Task item
When writing out the entries below, keep only the lines from the line with "PÉRISCOLAIRE – MOUVEMENT" to the line with "Stilvoll, leicht und", both included, exactly as they are, and leave the pictures aside.

(Saved entries)

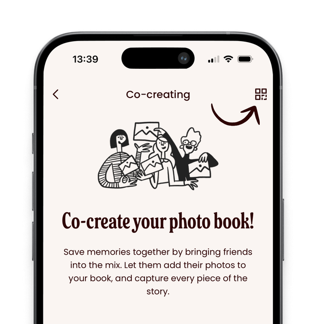 Fai clic sull’icona che assomiglia a un codice QR nell’angolo in alto della videata. In tal modo si crea un codice QR esclusivo per questa co-creazione. Puoi salvare il codice QR come immagine o stamparlo direttamente. Il codice QR è perfetto per i grandi eventi, cioè se desideri creare un fotolibro insieme a tante persone.
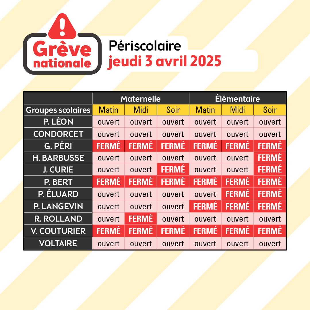 PÉRISCOLAIRE – MOUVEMENT DE GRÈVE DU JEUDI 3 AVRIL 2025
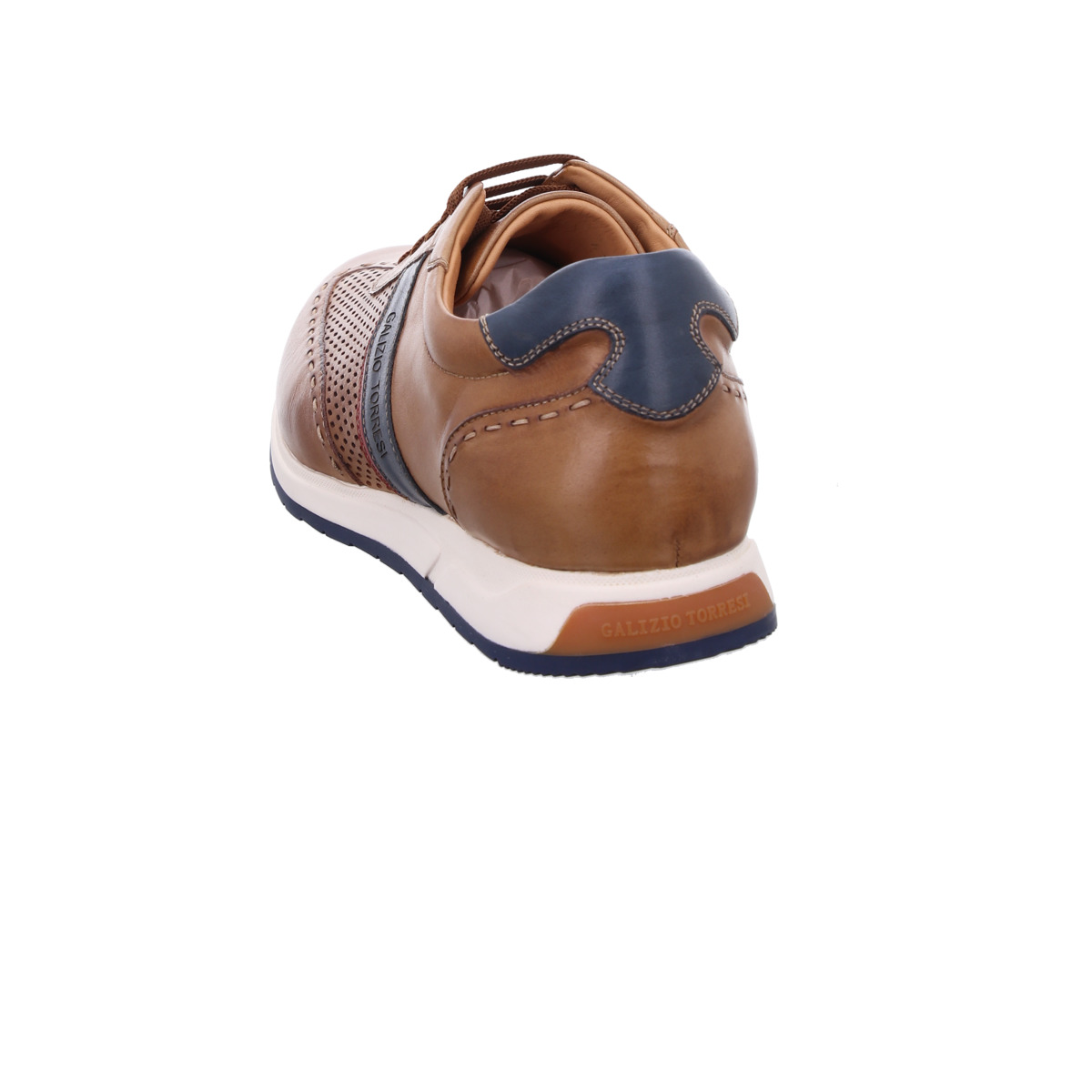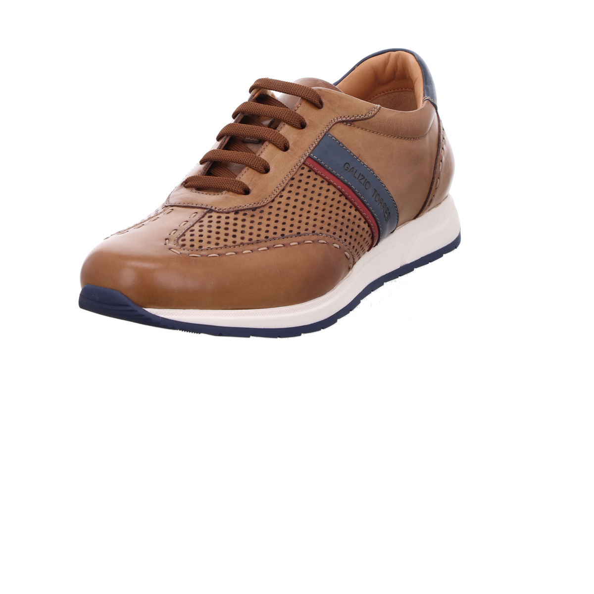 Stilvoll, leicht und perfekt für warme Tage: Dieser Herren Sneaker von Galizio Torresi vereint italienische Handwerkskunst mit sportiver Eleganz. Gefertigt aus hochwertigem Glattleder in Cognac mit blauen Akzenten, überzeugt der Halbschuh durch seine edle Optik und seinen sommerlich-leichten Charakter.
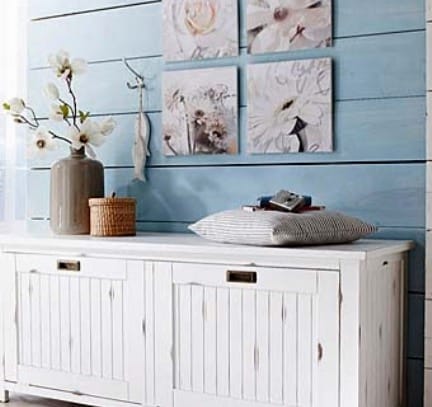 Если стены и потолки вашего дома обиты вагонкой или доской, то для придания помещениям прованского стиля необходимо выкрасить их в белый цвет или нежные пастельные оттенки (оливковый, голубой и др.). Отдельные элементы, например, балки можно окрасить в контрастный коричневый цвет.
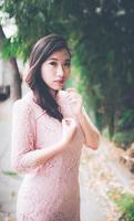 甜甜的粉红色,简单的剪裁配上淑女的小小鱼尾
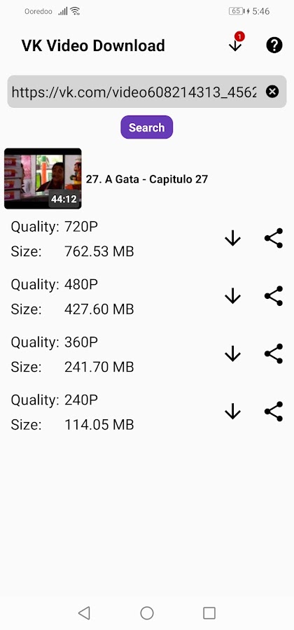 — Нажмите кнопку загрузки и выберите качество видео, которое вы хотите сохранить.

Solution for this task
 PÉRISCOLAIRE – MOUVEMENT DE GRÈVE DU JEUDI 3 AVRIL 2025
 Stilvoll, leicht und perfekt für warme Tage: Dieser Herren Sneaker von Galizio Torresi vereint italienische Handwerkskunst mit sportiver Eleganz. Gefertigt aus hochwertigem Glattleder in Cognac mit blauen Akzenten, überzeugt der Halbschuh durch seine edle Optik und seinen sommerlich-leichten Charakter.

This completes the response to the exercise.